In  "Sonic  Facts  for  Sound  Arguments:  Medicine,  Experimental  Physiology,  and  the  Auditory
Construction  of  Knowledge  in  the  19th  Century,"  Axel  Volmar  explores  the  auditory  culture  of  science.
By  reconstructing  case  studies  from  the  history  of  medicine  and  the  life  sciences,  he  intends  to
assess  some  questions  regarding  sonic  ways  of  producing,  representing,  and  constructing  scientific
knowledge.  According  to  Volmar,  sonic  practices  such  as  percussion,  mediate  auscultation,  and  the
telephonic  method  in  electrophysiology  clearly  show  that  acoustemic  practices  and  technologies
contributed  to  the  production  of  scientific  knowledge.

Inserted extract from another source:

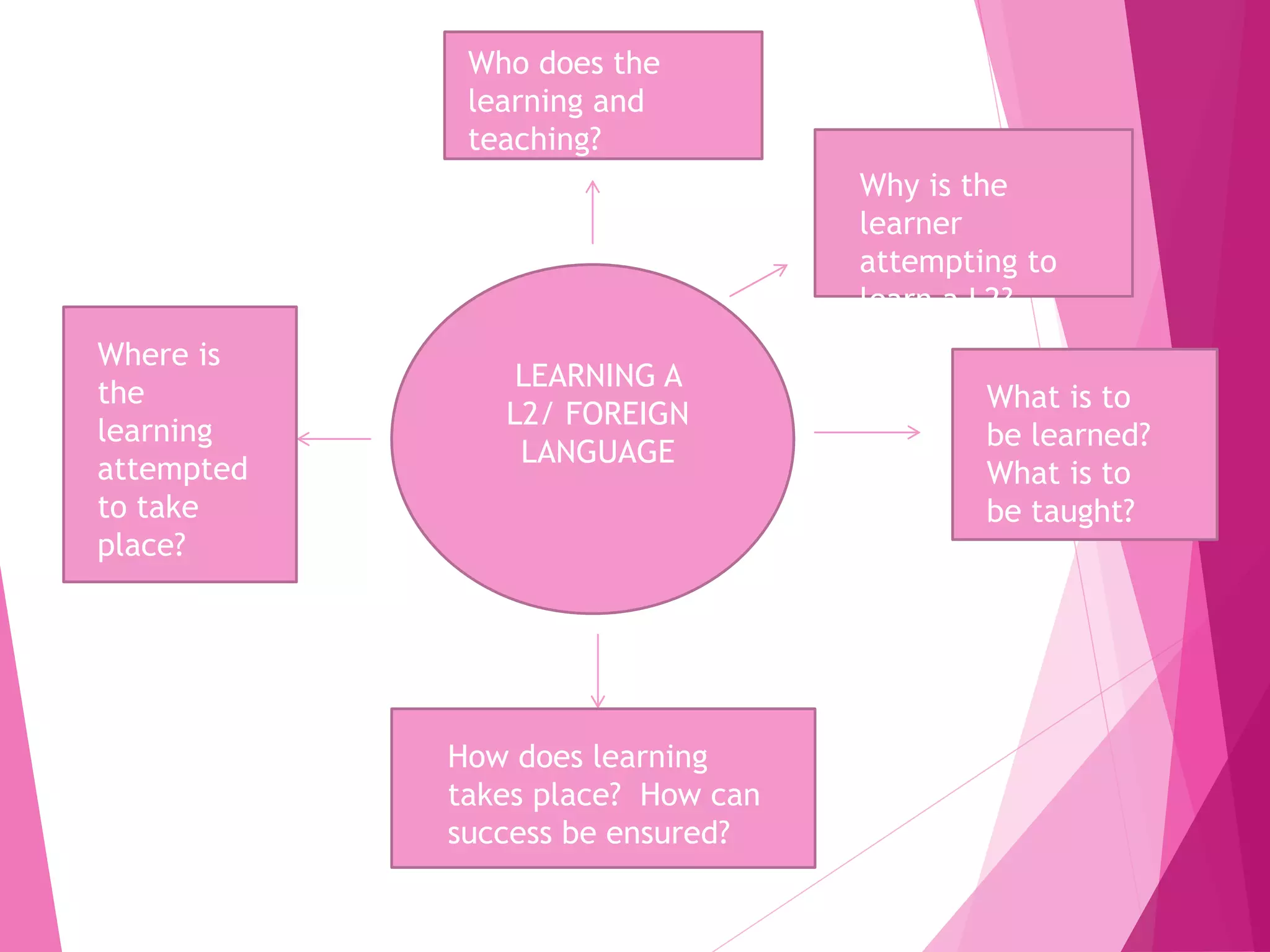 This document discusses the foundations of language teaching from sociolinguistic and psycholinguistic perspectives. It addresses what a language teacher needs to understand, including the nature of language and how people learn and teach languages. Language is defined as a systematic set of symbols used for communication within a culture. Learning involves acquisition, retention through memory, and a change in behavior. Teaching guides and facilitates learning by setting conditions for it. Theories of language and learning have evolved from behaviorist to cognitive to generative frameworks.

It  is  with  these  often  erudite,  thought  provoking,  artistic,  exploring,  and  trailblazing  essays  that  the
Journal  of  Sonic  Studies  offers  versatile  tracks  to  consider  and  reconsider  the  epistemological,
ontological,  and  methodological  opportunities  for  sound  studies.  In  other  words,  please  encounter
these  contributions  as  an  invitation  to  develop  your  own  ideas  concerning  this  topic.